A common debate in cities across the country, says national transportation expert Maynard, is whether government funding should focus on fixing infrastructure that supports the use of personal vehicles – roads, bridges and parking – or on promoting public transportation. Over the last 60 years, while the federal government has concentrated on building the federal highway system, she observes, “We haven’t really focused attention in the states and the government on public transportation, on moving masses of people.”

UH’s Karl Kim is a staunch advocate for public transportation. He believes a multipronged approach is urgently needed to reverse Hawaii’s dependence on the personal vehicle, including “better land-use planning; increasing allowable densities in town; creating real alternatives to driving such as biking, improved pedestrian walkways, car sharing and better transit.” He’d also like to see more public-transportation options such as “street cars, jitneys, and more creative use of shuttle buses and urban circulators.”

Hawaii is taking important steps toward expanding its portfolio of transportation options. Whether these efforts will be enough to significantly improve our quality of life remains to be seen. For now, looking at the national landscape, Maynard takes a long view. “We’ve been dependent on the automobile now for 110 years. It could take another 100 years before we tip all the way back or maybe it never happens,” she says. “But, if we tip to an equilibrium where cars, public transit, bikes, pedestrians all coexist,” she expects that’s a future many people would welcome.


 

Phones Now More Essential Than Driver’s Licenses for Teens

Fewer teens in Hawaii are signing up for driver’s licenses, mirroring a downward national trend on what used to be a near-universal American rite of passage.

Between 2008 and 2013, the number of 15- to 19-year-olds registering to drive in Hawaii declined 18 percent, from 29,171 a year to 23,805. A report by the U.S. Centers for Disease Control and Prevention found that the proportion of high school seniors nationwide holding a driver’s license fell by 12 percent from 1996 to 2010.

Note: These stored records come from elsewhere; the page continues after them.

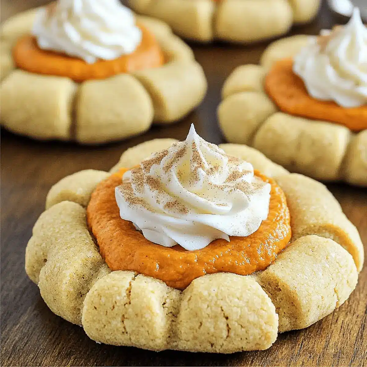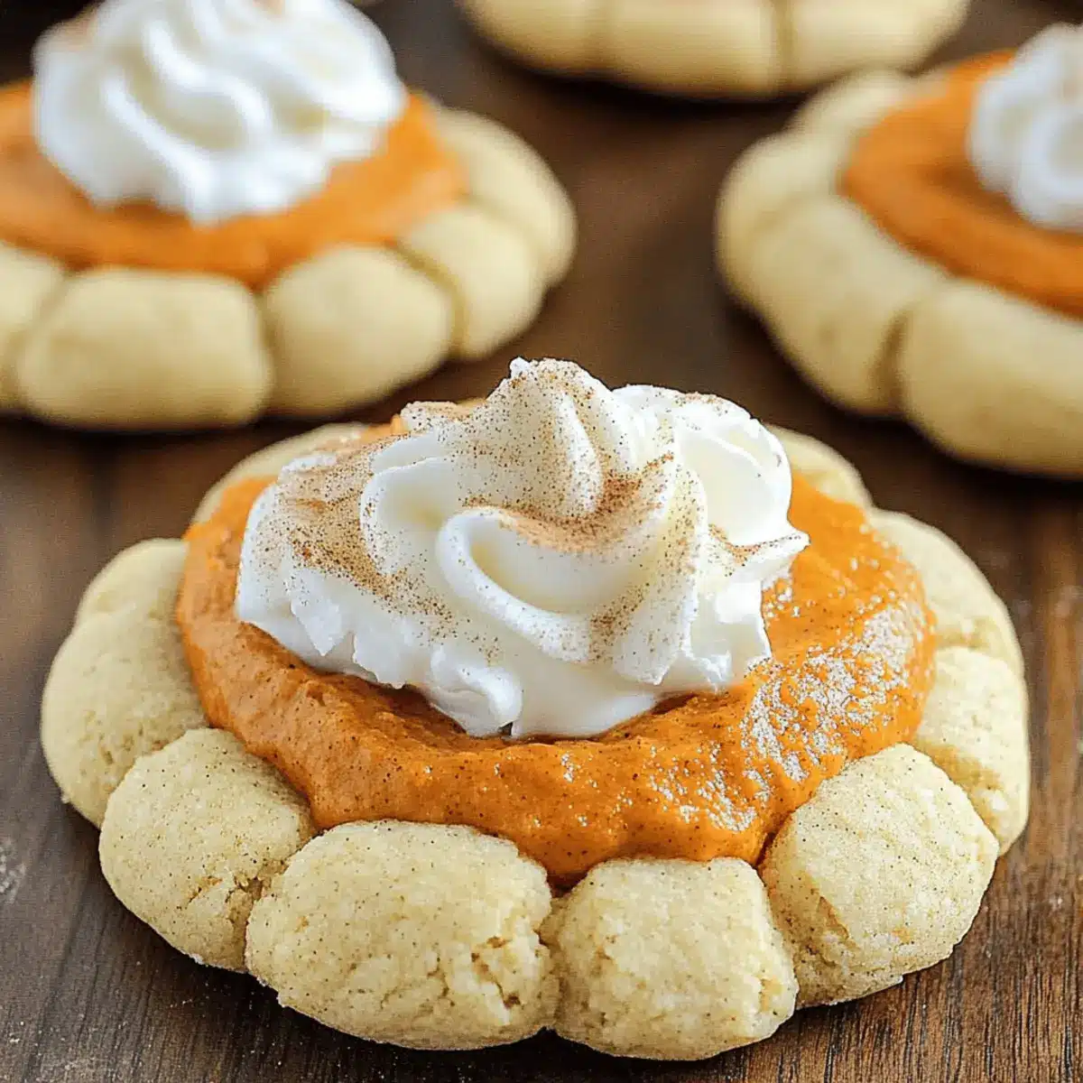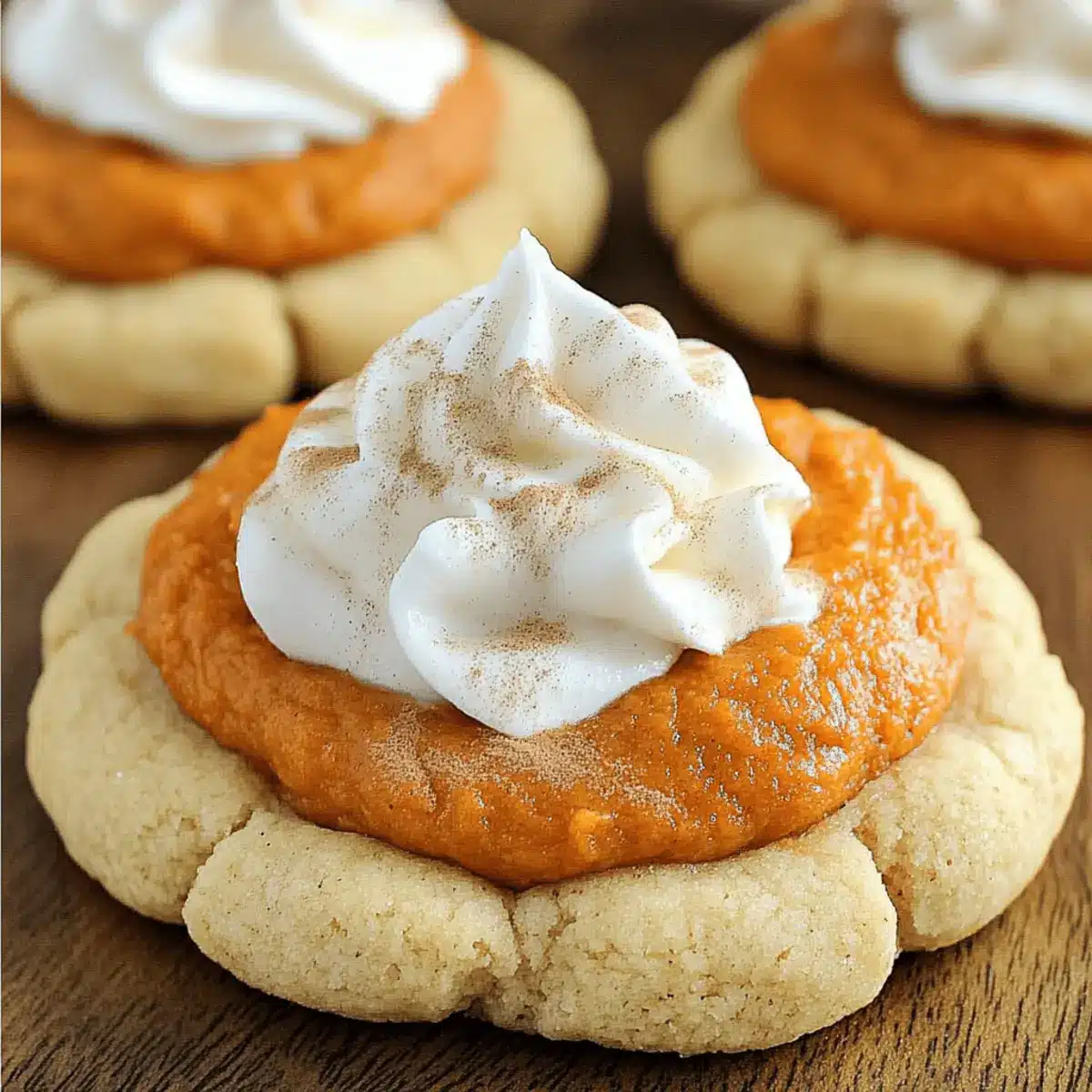 Finish off your Pumpkin Pie Cookies by topping them with whipped cream. You can either dollop it on each cookie or pipe it for a fancier touch. For an added festive flair, sprinkle a dash of ground cinnamon or nutmeg on top just before serving.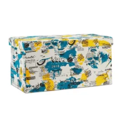 - Trendig: Weiße Aufbewahrungstruhe mit schwarzer Schrift – Mondänes Design mit gelben und petrolfarbenen Akzente – Für Fans von Frankreich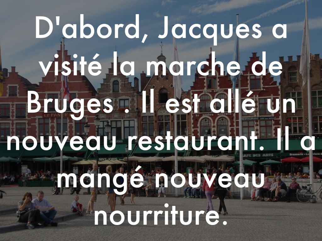 D'abord, Jacques a visité la marche de Bruges . Il est allé un nouveau restaurant. Il a mangé nouveau nourriture.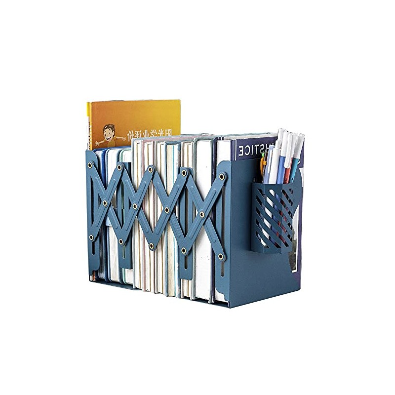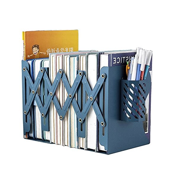 Adjustable Bookends Metal Book Ends for Heavy Book Holder Heavy Duty Bookends Nonskid Bookcase Desktop Book Organizer Binder Holder (Blue)

Researchers suggest that mobile technology has supplanted the car as the preferred way for teens to connect – they would rather text than drive. But UH-Manoa transportation expert Panos Prevedouros is inclined to blame economic factors. “The bottom line is that these kids do not have jobs and, if they have jobs, those jobs don’t pay much,” he says. “The automobile is very costly – it comes with insurance, gasoline, registration, etc. – so kids think, why get a driver’s license when they cannot afford a car?”

Makena Nishimoto, 15, looks forward to applying for her instruction permit soon but she’s not in a rush to get her license. “It’s not a high priority for me right now,” she says, explaining that her focus is on school, family and sports. The junior relies on her parents to drive her to Roosevelt High School and to other activities. Besides, she adds, the licensing process “takes a long time.”

Being too busy and not having enough time was the top reason teens gave for not getting their licenses, says a national survey from the University of Michigan Transportation Research Institute. The expense of owning and maintaining a vehicle ranked second, followed by the ability to secure transportation from others. Significantly, 22 percent of respondents said they never plan to get a driver’s license.